## DATA TO EXAMINE

========

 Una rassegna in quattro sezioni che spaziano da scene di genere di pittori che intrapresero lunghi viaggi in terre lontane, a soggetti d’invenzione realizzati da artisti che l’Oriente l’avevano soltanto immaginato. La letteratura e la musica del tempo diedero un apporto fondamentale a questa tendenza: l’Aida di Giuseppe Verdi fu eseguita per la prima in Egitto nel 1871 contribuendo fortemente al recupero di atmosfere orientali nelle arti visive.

========

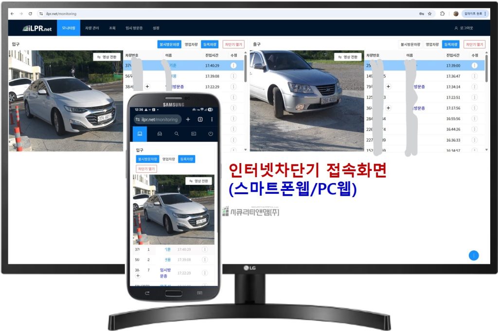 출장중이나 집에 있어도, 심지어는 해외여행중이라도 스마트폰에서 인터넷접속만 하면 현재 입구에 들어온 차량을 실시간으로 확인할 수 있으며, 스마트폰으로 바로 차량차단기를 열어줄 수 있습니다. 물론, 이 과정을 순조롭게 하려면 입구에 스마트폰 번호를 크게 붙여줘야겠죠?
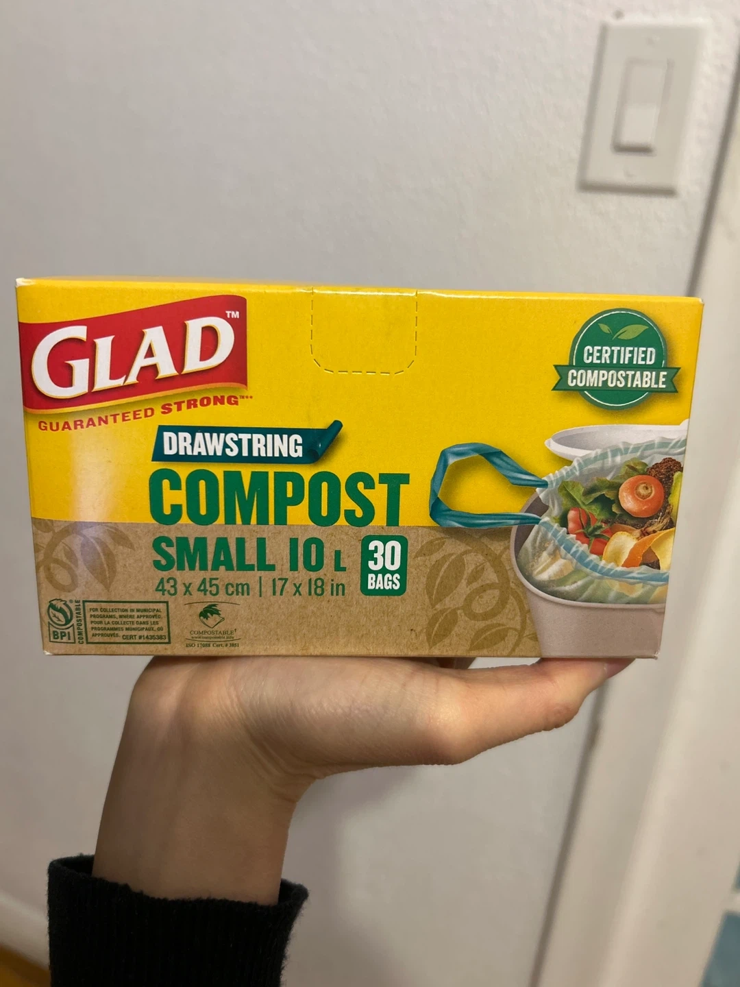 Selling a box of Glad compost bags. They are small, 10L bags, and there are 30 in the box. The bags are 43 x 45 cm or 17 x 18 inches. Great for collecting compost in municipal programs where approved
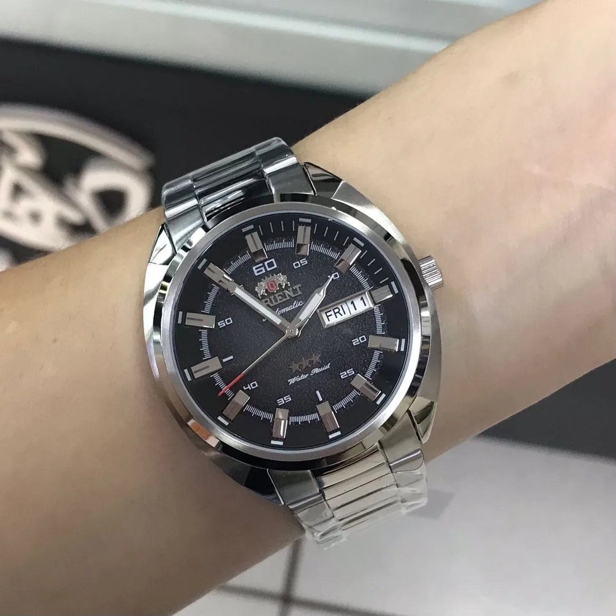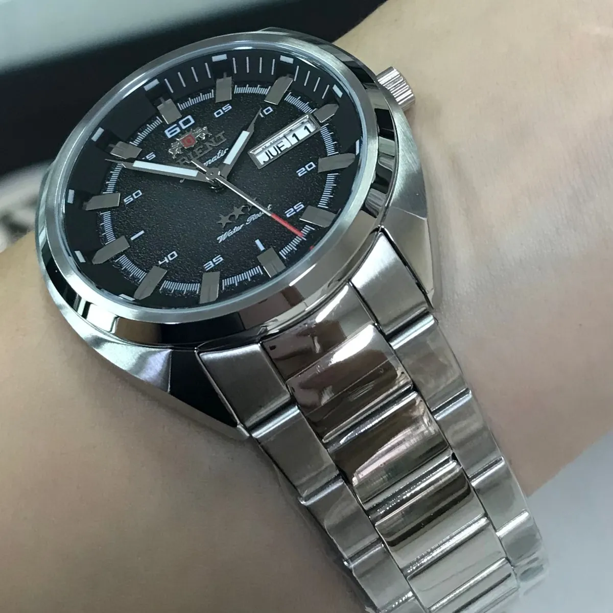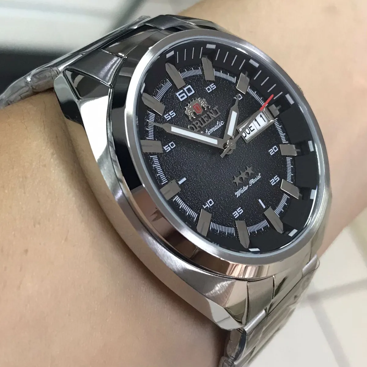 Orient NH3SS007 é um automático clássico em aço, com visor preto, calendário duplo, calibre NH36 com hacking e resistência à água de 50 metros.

========

## ASSIGNED TASK
Line for line, output the entries above from the line with "출장중이나 집에 있어도, 심지어는" to the line with "Orient NH3SS007 é", both included, and nothing more. Skip pictures.

## RESPONSE AREA
 출장중이나 집에 있어도, 심지어는 해외여행중이라도 스마트폰에서 인터넷접속만 하면 현재 입구에 들어온 차량을 실시간으로 확인할 수 있으며, 스마트폰으로 바로 차량차단기를 열어줄 수 있습니다. 물론, 이 과정을 순조롭게 하려면 입구에 스마트폰 번호를 크게 붙여줘야겠죠?
 Selling a box of Glad compost bags. They are small, 10L bags, and there are 30 in the box. The bags are 43 x 45 cm or 17 x 18 inches. Great for collecting compost in municipal programs where approved
 Orient NH3SS007 é um automático clássico em aço, com visor preto, calendário duplo, calibre NH36 com hacking e resistência à água de 50 metros.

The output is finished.